By Kirell Lakhman
AMP today said that overwrought or misguided regulation for using next-generation sequencing in the clinical lab could "limit the practice of medicine," and called for "flexible and individualized" protocols, guidelines, and controls for using the instruments in that setting.
The group also said molecular pathologists should play a role in "determining the most appropriate platform and technologies for answering the clinical question at issue."
"Optimal patient care requires the ability of molecular pathology professionals to use their professional opinion of the most suitable technological approach," Elaine Lyon, chair of AMP's Professional Relations Committee, said during a meeting on the subject that the FDA is holding in Bethesda, Md., this week.
AMP issued Lyon's comments in a press release prior to the meeting.
More broadly, FDA should seek out the opinions and recommendations of clinical molecular pathologists when deciding how to oversee next-gen sequencing applications.
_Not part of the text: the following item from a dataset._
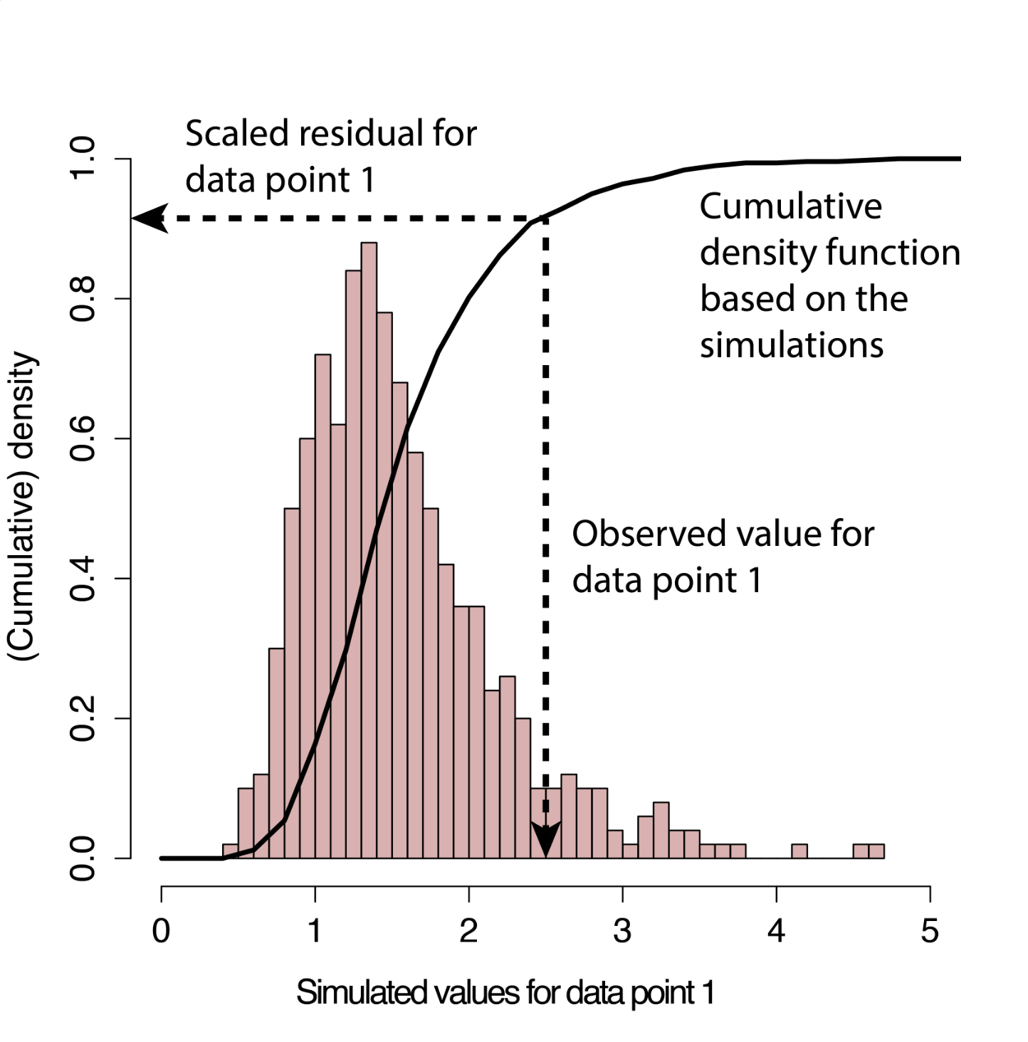 notice I say “can be defined as…”. This is because there are many different definitions of a residual that have been made to deal with different model structures. We are going to use a very useful one - the scaled residual - that will let you explore residuals for a wide range of models. More on this below!↩︎

"Any FDA policy to review analytical validity should include a role for the molecular pathology professionals performing the test," Lyon said. "We have an important reservoir of experience and expertise within our organization [and] we encourage the FDA to allow us to collaborate to ensure that this technology is safely, effectively, and appropriately used for the benefit of our patients."
'Still Too Soon'?
The meeting comes at a time when more and more clinical lab managers are beginning to slide off the fence on the side of next-gen sequencers and are installing platforms in their facilities.
While some, like Greg Tsongalis, chief of Dartmouth's Hitchcock Medical Center's molecular pathology clinical lab, say it's "still too soon" to begin investing in a technology that is improving and becoming more affordable so rapidly, others are diving in head-first.
Many have already shown solid data that the technology can help physicians make treatment decisions. Also, a number of test makers are striving to move the technology into clinical test development, and even other federal agencies see a glowing future for next-gen sequencing's role in clinical labs.
The next-gen trend is also picking up in Europe, where regulatory impulses for clinical use tend to be more liberal than in the US [see here, here, and here].
On the uptake side in the US, meantime, several top-shelf labs have jumped onto the next-gen-sequencing train — which is a principal reason why FDA is so eager to devise a way to evaluate sequencing-based diagnostics.
Dig this: Emory University's Genetics Laboratory last month began using its installed ABI SOLiD sequencer on clinical samples; Mayo Clinic's clinical labs "in the near future" plan to offer tests that run on next-gen instruments, a move they say will have "a significant impact" on the types of clinical tests they provide; Children's Hospital Los Angeles is developing a core facility that will use next-gen sequencers to help it diagnose and treat pediatric cancers; the Broad Institute has shown that the technology — namely, Roche's 454 GS FLX — can type human leukocyte antigens simultaneously from "many" individuals cost-effectively and accurately; and Genomic Health plans to move its molecular diagnostic-testing platform-of-choice from quantitative RT-PCR to next-gen sequencing.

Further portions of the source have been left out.